REQUIRED WORK: Beneath this line sits some data. Return only its lines from the one holding "I went straight" through the one holding "(1 Samuel 26).", inclusive, exactly, with the images removed.

RECORDS TO PROCESS:
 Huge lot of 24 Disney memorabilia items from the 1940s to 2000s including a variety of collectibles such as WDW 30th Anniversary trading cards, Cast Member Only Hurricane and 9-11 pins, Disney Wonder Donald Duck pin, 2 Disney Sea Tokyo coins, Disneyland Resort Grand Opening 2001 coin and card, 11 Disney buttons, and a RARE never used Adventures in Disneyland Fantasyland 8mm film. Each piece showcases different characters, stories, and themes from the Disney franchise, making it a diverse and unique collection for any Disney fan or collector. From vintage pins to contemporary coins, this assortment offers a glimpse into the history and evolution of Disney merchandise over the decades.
==
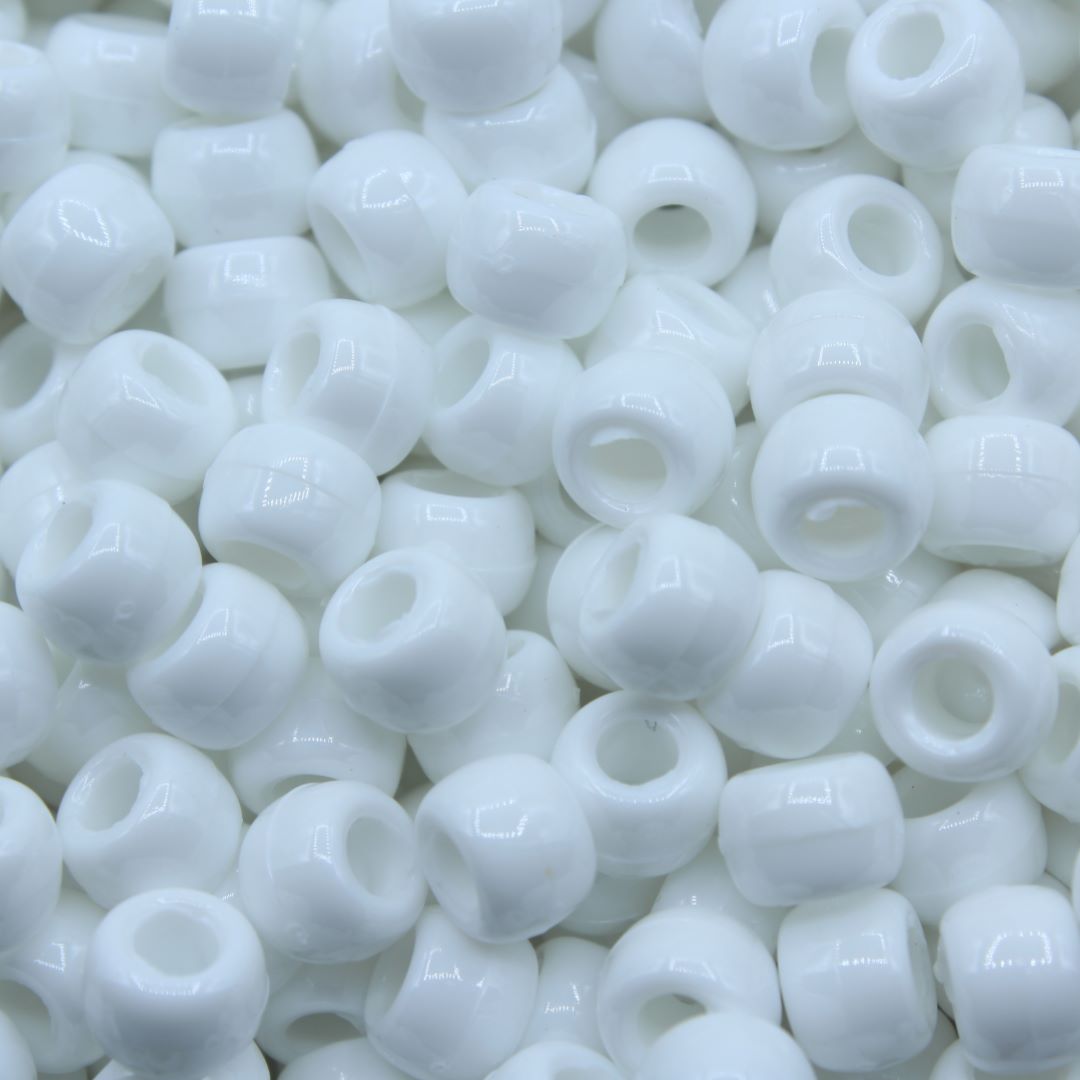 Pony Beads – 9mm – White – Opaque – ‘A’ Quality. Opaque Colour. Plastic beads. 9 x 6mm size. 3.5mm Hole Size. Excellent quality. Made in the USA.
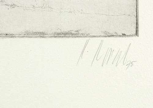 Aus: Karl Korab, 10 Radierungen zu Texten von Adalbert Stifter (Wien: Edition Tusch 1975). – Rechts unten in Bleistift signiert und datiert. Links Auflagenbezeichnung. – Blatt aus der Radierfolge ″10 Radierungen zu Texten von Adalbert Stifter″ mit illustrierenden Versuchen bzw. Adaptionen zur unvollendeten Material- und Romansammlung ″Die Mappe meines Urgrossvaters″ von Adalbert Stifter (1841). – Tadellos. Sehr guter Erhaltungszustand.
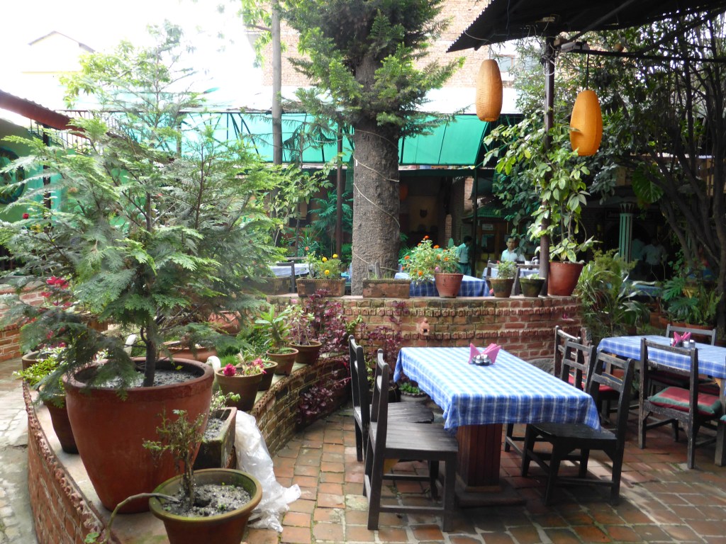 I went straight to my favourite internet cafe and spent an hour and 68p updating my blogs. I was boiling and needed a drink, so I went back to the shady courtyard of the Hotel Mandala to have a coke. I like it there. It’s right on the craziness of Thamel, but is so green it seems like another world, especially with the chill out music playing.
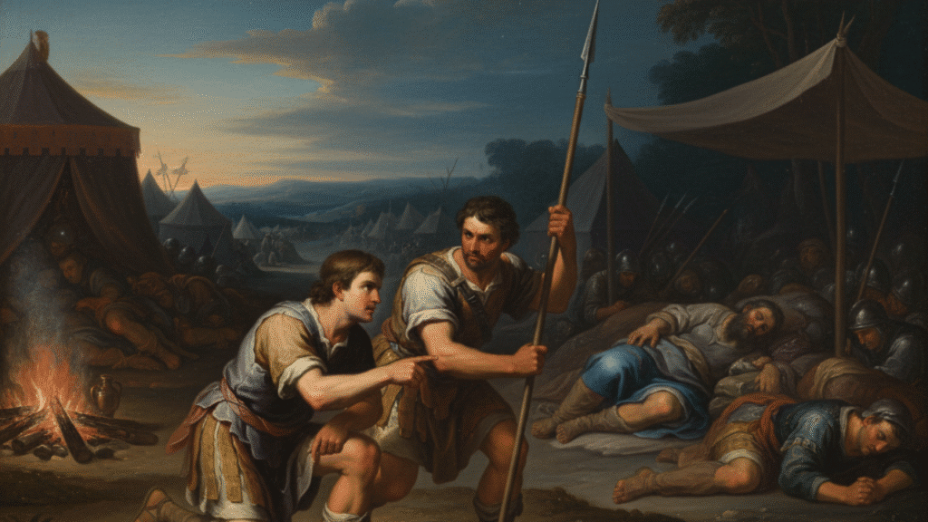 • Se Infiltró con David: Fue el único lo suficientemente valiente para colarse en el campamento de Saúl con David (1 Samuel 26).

OUTPUT:
 I went straight to my favourite internet cafe and spent an hour and 68p updating my blogs. I was boiling and needed a drink, so I went back to the shady courtyard of the Hotel Mandala to have a coke. I like it there. It’s right on the craziness of Thamel, but is so green it seems like another world, especially with the chill out music playing.
 • Se Infiltró con David: Fue el único lo suficientemente valiente para colarse en el campamento de Saúl con David (1 Samuel 26).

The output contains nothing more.